__Activity__. Below is a listing; retype exactly the lines between the one containing "Men’s Slim Fit Mild Distressed Denim Jeans" and the one containing "Custom on-field style", inclusive, minus the pictures.
-- Source data follows --
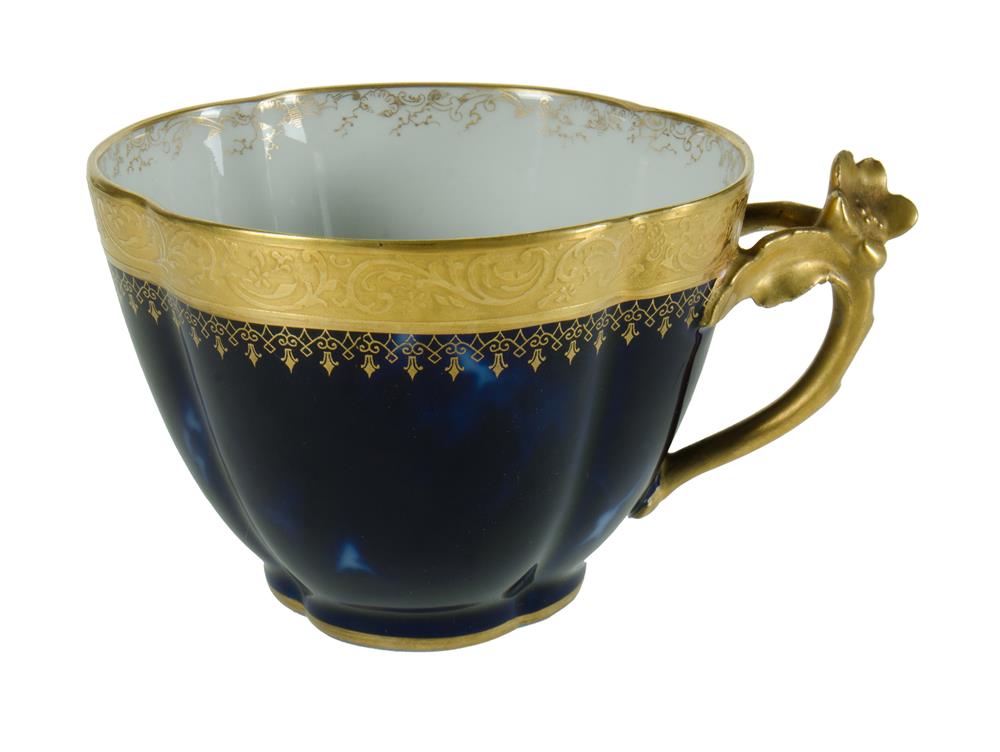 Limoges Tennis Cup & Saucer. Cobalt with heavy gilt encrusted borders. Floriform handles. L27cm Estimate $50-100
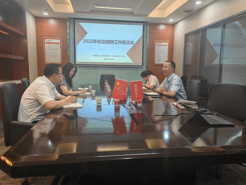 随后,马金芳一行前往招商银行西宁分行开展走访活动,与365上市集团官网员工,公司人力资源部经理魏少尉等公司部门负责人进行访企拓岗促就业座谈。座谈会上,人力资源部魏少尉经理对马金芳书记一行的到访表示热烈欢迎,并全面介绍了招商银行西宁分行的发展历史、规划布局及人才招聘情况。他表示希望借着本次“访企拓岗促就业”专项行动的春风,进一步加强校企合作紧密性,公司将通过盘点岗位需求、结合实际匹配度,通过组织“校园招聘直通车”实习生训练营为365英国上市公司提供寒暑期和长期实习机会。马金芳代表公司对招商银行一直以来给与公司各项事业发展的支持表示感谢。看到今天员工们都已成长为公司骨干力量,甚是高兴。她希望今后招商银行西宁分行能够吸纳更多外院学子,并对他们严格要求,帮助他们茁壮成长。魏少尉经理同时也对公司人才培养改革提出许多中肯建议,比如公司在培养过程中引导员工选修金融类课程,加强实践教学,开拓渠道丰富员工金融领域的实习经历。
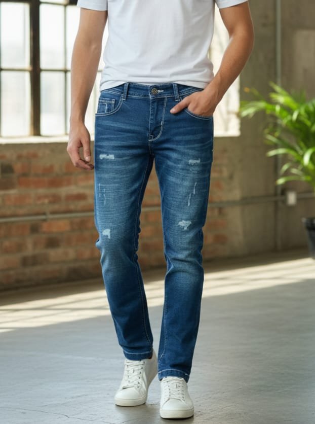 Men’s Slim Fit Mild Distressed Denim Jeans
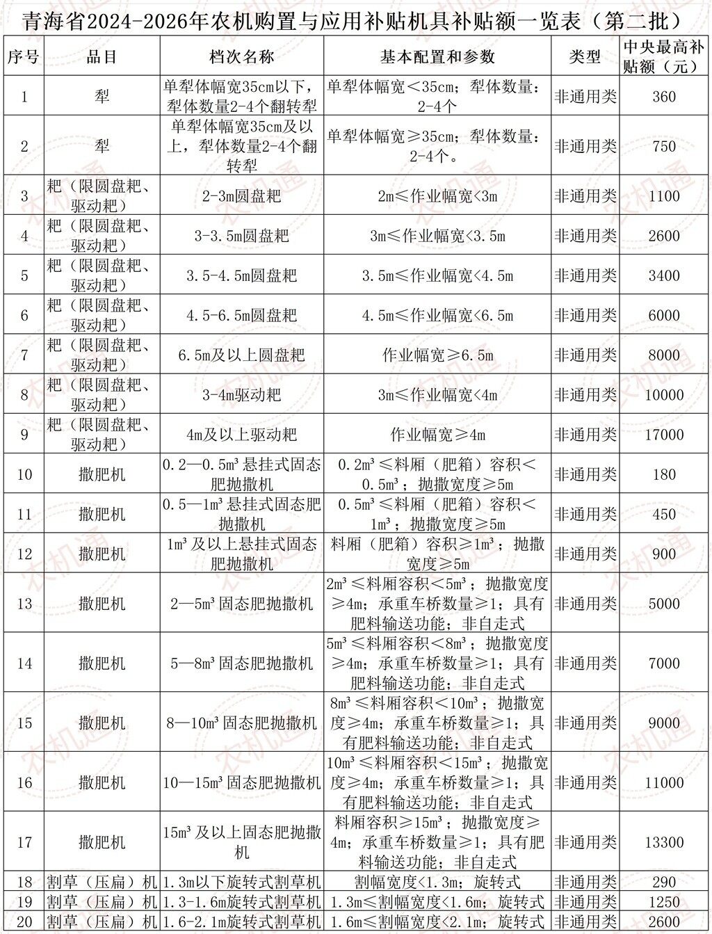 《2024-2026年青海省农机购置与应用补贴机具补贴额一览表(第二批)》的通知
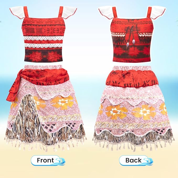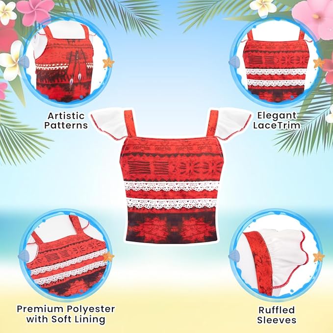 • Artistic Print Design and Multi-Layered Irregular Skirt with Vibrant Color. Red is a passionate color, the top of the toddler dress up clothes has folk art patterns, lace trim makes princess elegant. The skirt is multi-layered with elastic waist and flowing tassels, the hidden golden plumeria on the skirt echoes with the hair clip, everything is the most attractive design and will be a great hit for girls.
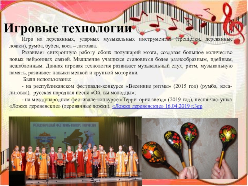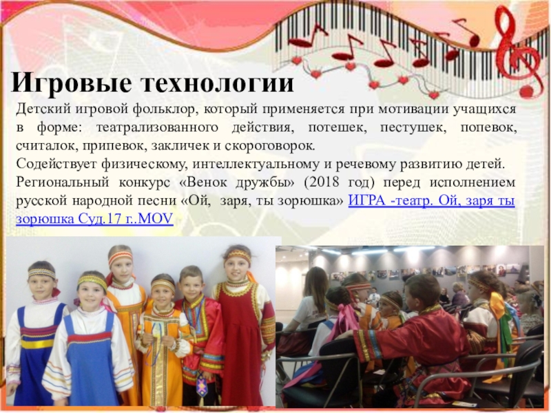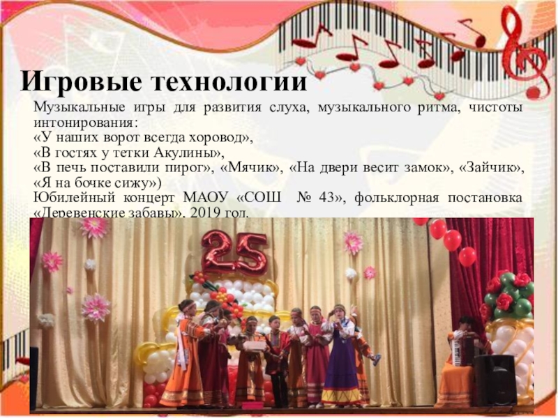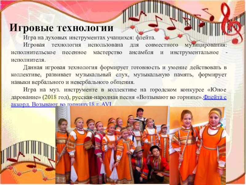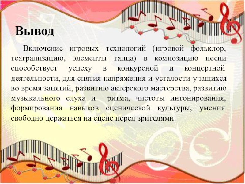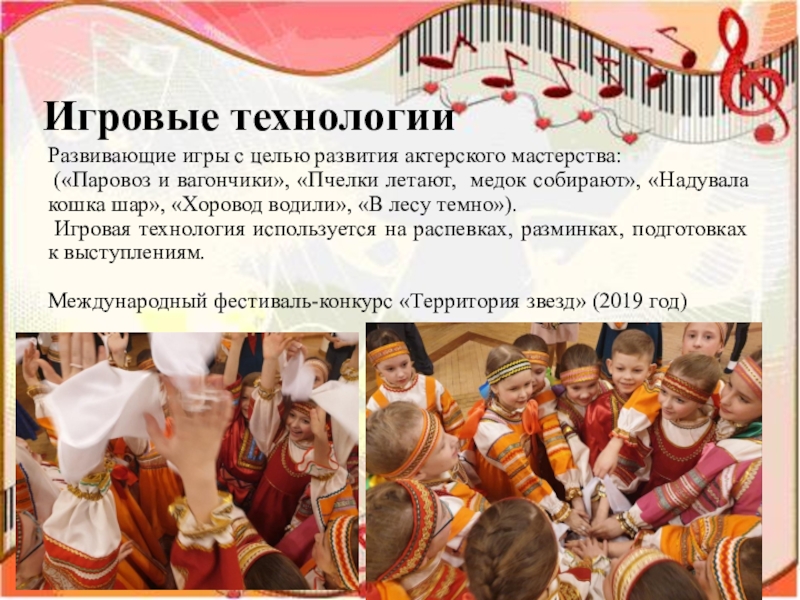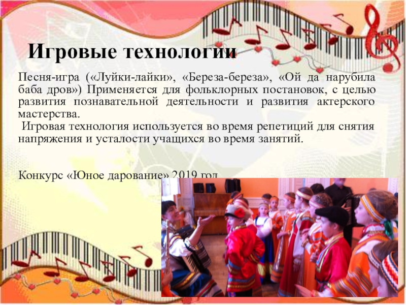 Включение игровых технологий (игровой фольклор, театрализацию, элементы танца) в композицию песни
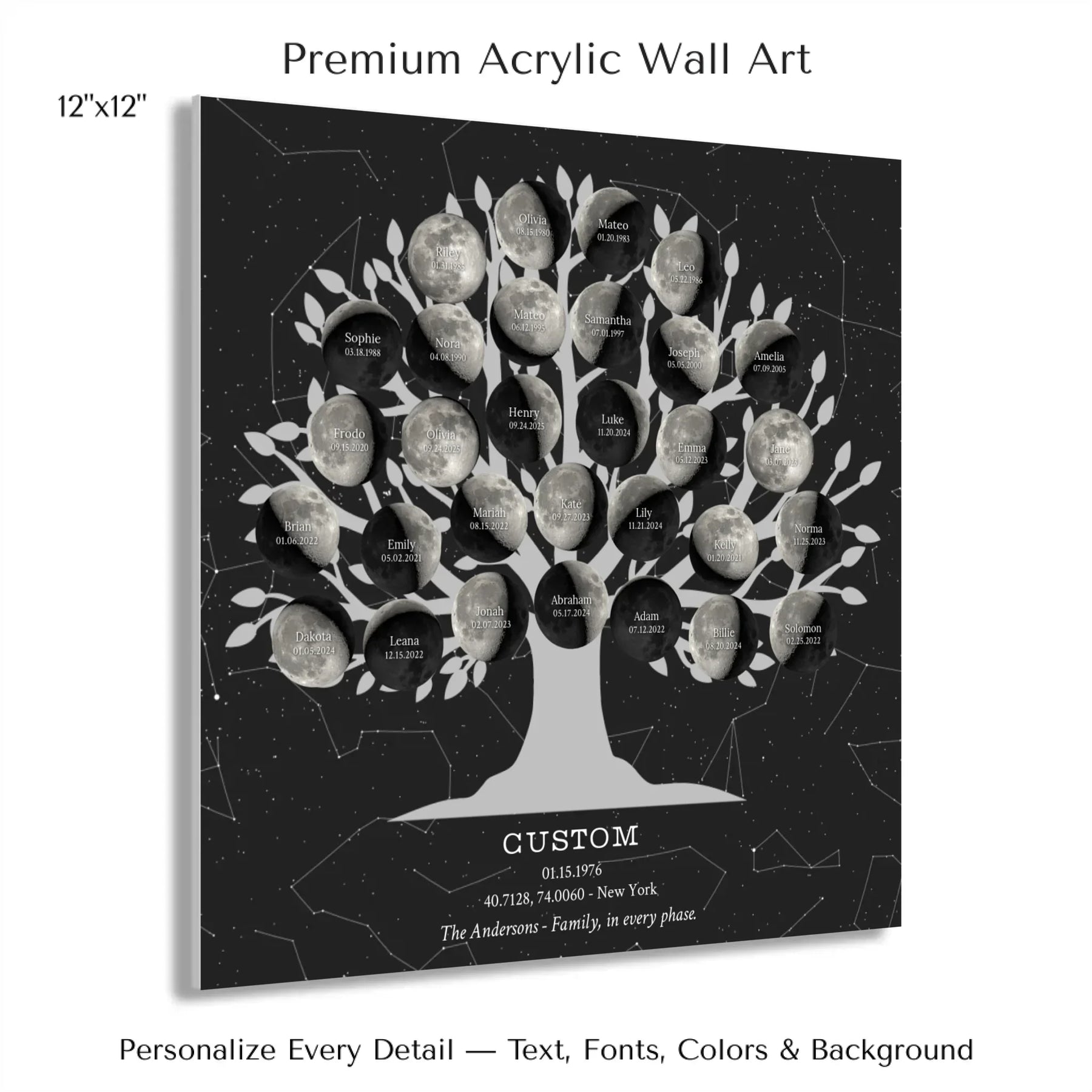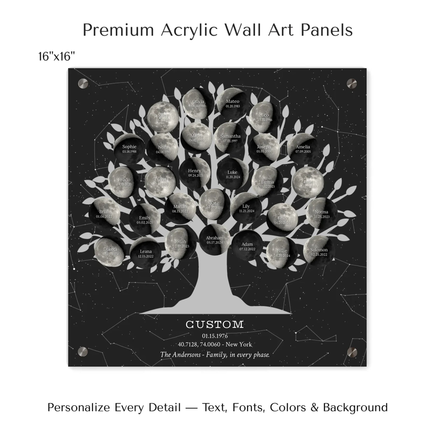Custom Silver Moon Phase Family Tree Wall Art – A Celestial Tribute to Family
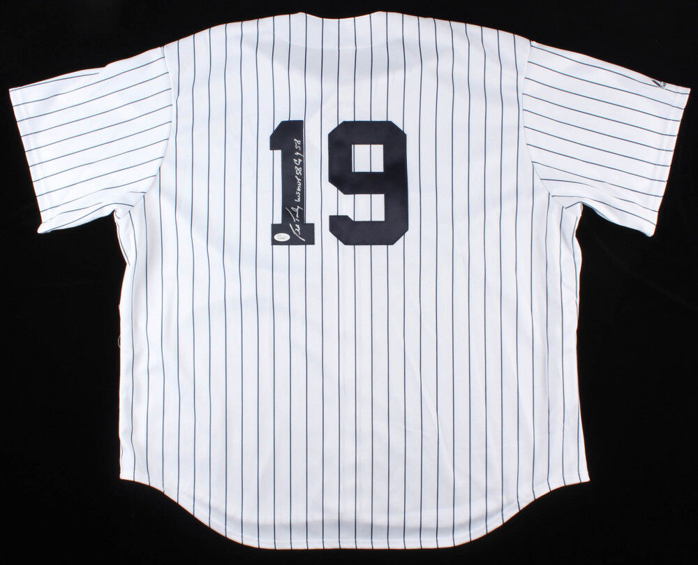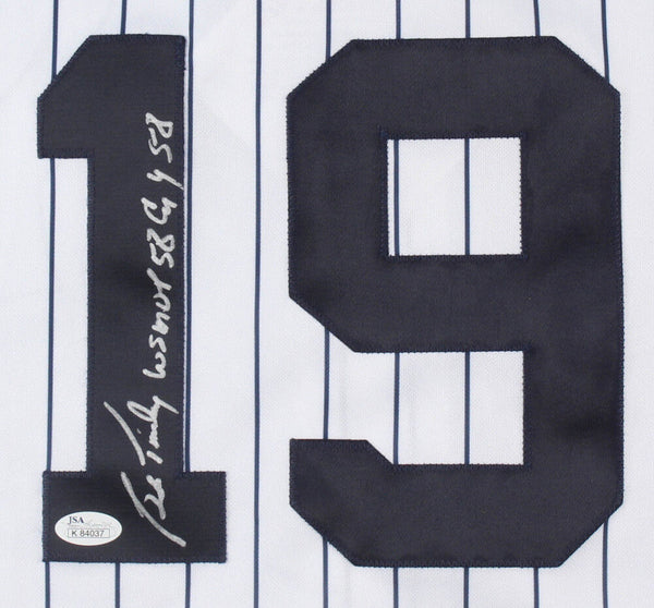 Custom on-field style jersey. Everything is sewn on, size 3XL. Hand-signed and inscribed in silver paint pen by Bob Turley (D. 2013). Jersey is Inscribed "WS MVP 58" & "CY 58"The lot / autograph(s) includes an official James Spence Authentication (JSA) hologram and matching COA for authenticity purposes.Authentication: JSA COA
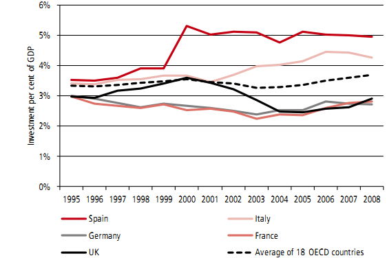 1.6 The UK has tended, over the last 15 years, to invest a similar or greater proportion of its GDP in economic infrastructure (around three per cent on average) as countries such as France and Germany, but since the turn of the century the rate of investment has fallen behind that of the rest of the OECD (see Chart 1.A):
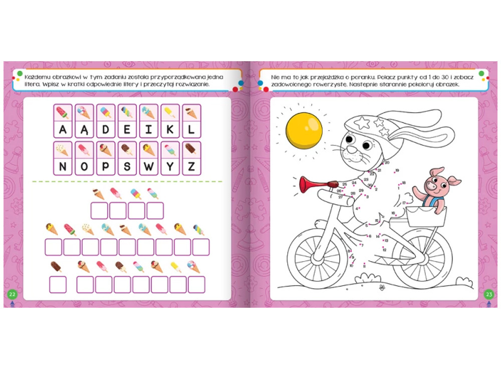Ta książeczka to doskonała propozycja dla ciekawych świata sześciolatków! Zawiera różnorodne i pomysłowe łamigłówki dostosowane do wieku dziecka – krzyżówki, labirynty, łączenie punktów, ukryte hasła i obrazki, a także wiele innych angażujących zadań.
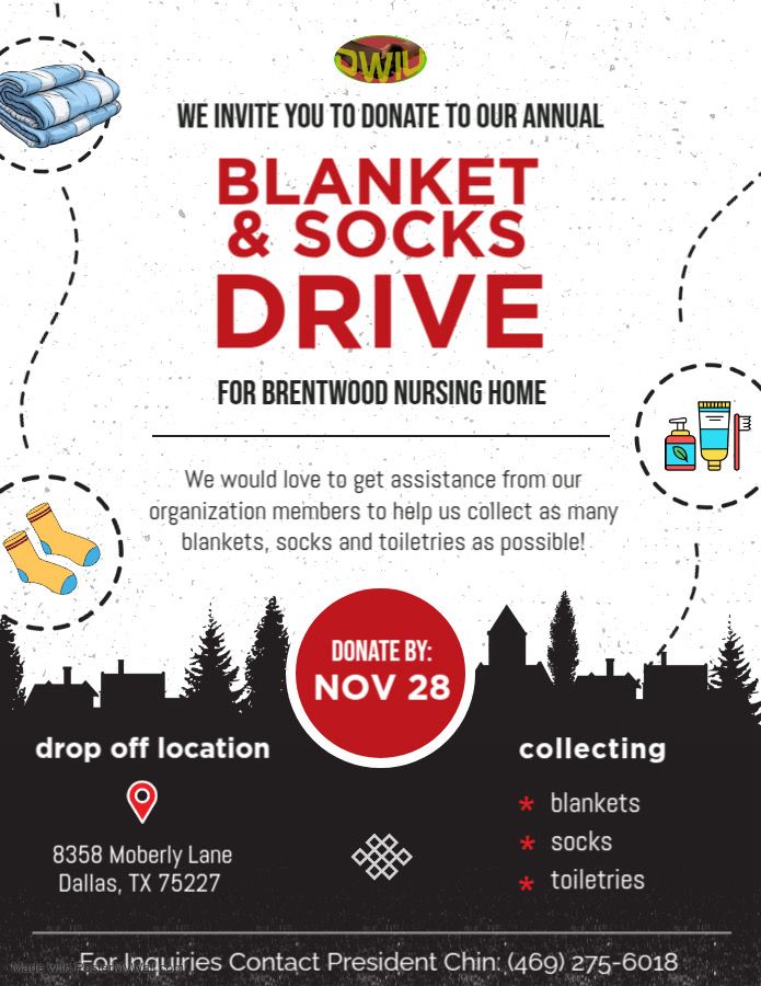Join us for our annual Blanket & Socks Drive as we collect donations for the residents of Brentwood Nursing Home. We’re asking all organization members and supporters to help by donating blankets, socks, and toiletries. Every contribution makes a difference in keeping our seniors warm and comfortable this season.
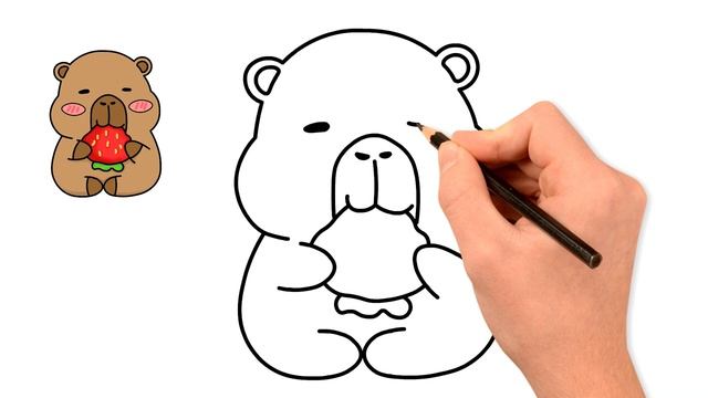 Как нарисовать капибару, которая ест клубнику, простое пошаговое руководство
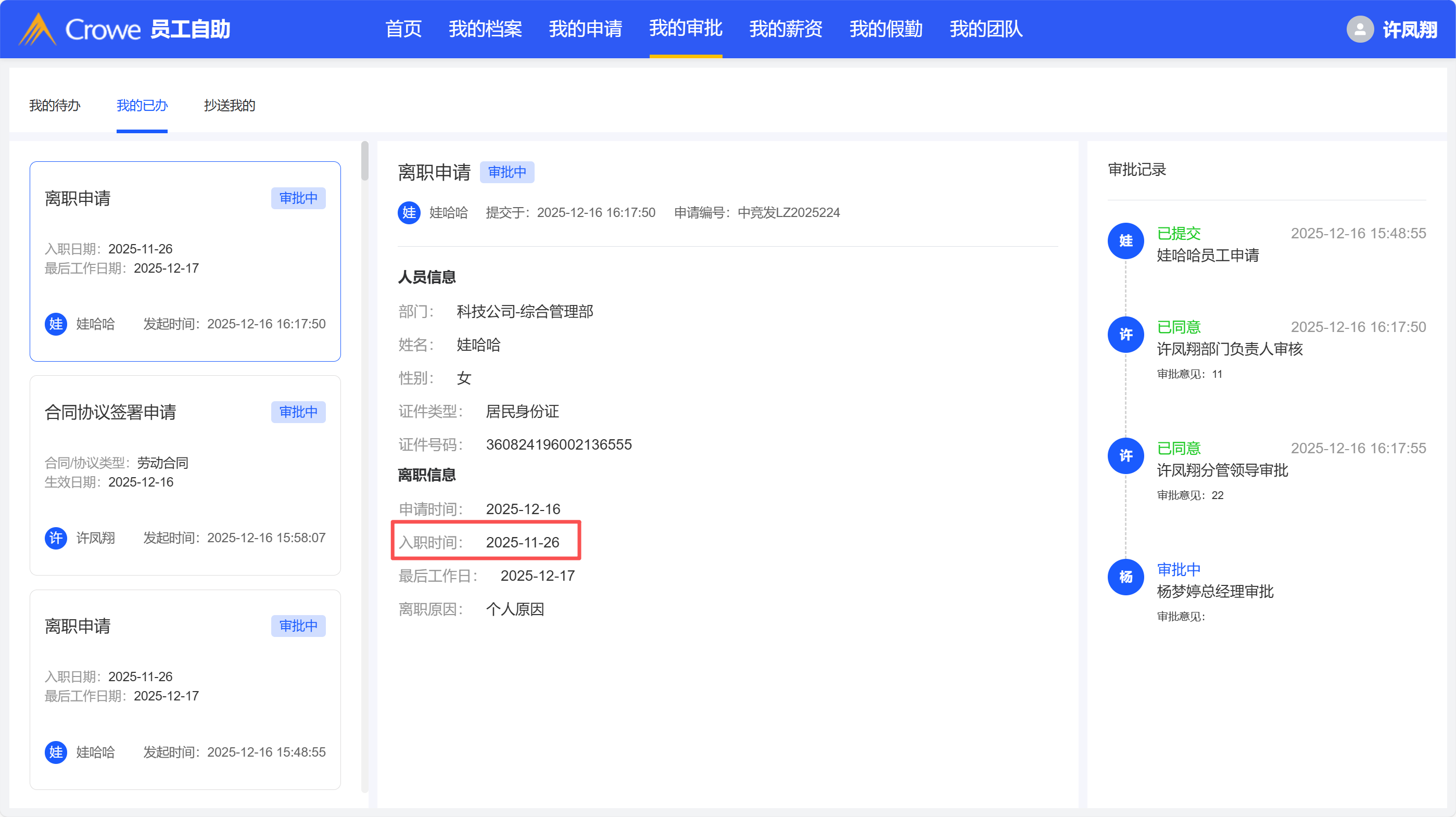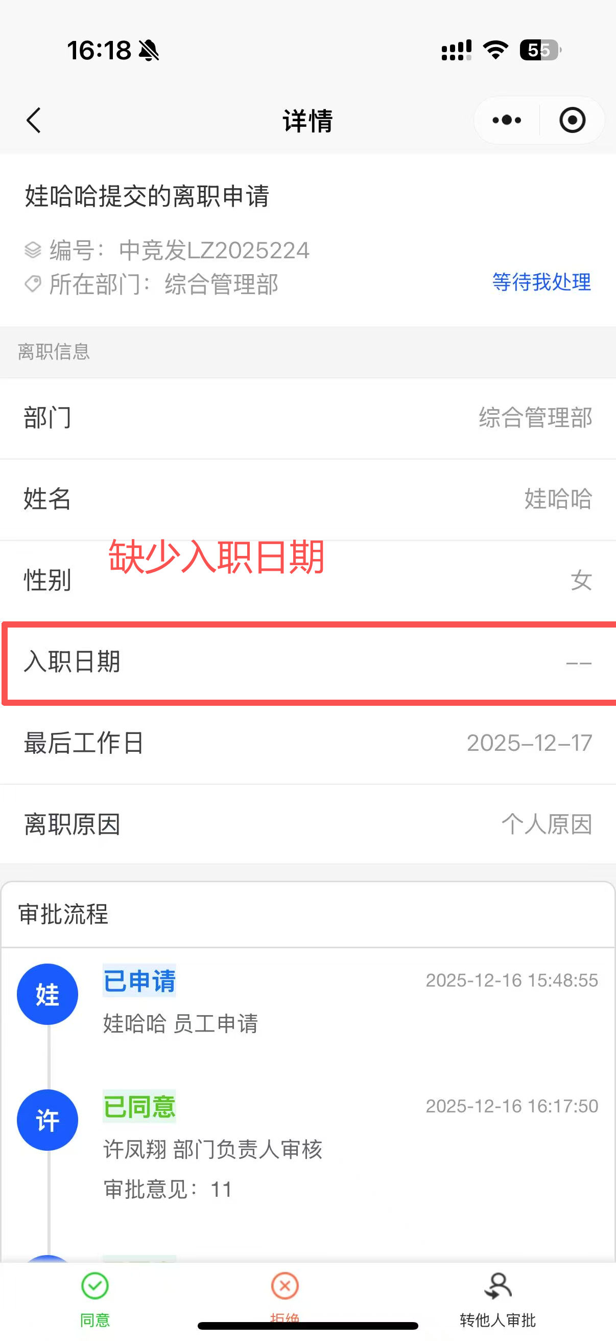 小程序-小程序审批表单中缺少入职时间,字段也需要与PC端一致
-- Source data concluded --
__Solution to the problem__.
 Men’s Slim Fit Mild Distressed Denim Jeans
 《2024-2026年青海省农机购置与应用补贴机具补贴额一览表(第二批)》的通知
 • Artistic Print Design and Multi-Layered Irregular Skirt with Vibrant Color. Red is a passionate color, the top of the toddler dress up clothes has folk art patterns, lace trim makes princess elegant. The skirt is multi-layered with elastic waist and flowing tassels, the hidden golden plumeria on the skirt echoes with the hair clip, everything is the most attractive design and will be a great hit for girls.
 Включение игровых технологий (игровой фольклор, театрализацию, элементы танца) в композицию песни
Custom Silver Moon Phase Family Tree Wall Art – A Celestial Tribute to Family
 Custom on-field style jersey. Everything is sewn on, size 3XL. Hand-signed and inscribed in silver paint pen by Bob Turley (D. 2013). Jersey is Inscribed "WS MVP 58" & "CY 58"The lot / autograph(s) includes an official James Spence Authentication (JSA) hologram and matching COA for authenticity purposes.Authentication: JSA COA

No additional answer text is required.